Iraq's Shiites - a community that was oppressed for decades - strongly supports the vote, believing it will propel them to a position of influence equal to their standing as the country's majority group. They make up about 60 percent of the Iraq's 26 million people.

But militants among the Sunni Arab minority - which lost privilege when their patron Saddam Hussein was toppled - have vowed to stop the vote.

Some Sunni clerics and politicians have called for a boycott of the vote, saying violence in Sunni areas will keep people from the polls and skew the outcome of the balloting against them.

An official at Baghdad's al-Yarmouk Hospital said the blast at the mosque killed at least 14 people and wounded 40 others.

The car exploded as worshippers were leaving prayers in the building, a witness said. The blast left several cars in flames and showered the area with charred debris.

At al-Yarmouk Hospital, dozens of weeping men and women franticly searched for news about loved ones feared caught up in the bombing.

A distraught man sat beside his dead 14-year-old son, covered with a sheet, and cried out, "I had breakfast with him this morning. I told him, 'Let's go to your grandfather,' but he insisted on going for prayers first."

A woman dressed in a black cloak, or abaya, fainted as she identified the body of her son in the hospital's morgue. She was carried away by relatives.
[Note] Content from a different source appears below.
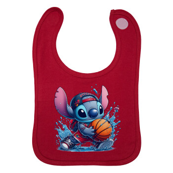 Stitch Basketball, Σαλιάρα με Σκρατς Κόκκινη 100% Organic Cotton (0-18 months)

In a new Internet audio recording purportedly from Iraq's most feared terror leader, Jordanian-born Abu Musab al-Zarqawi, the speaker denounced Iraqi Shiites for fighting alongside US troops.

Al-Zarqawi, the leader of Iraq's al-Qaida affiliate, ridiculed Iraq's most prominent Shiite cleric, Grand Ayatollah Ali al-Sistani, and berated Shiites for fighting alongside American troops against their Sunni countrymen in Fallujah in November.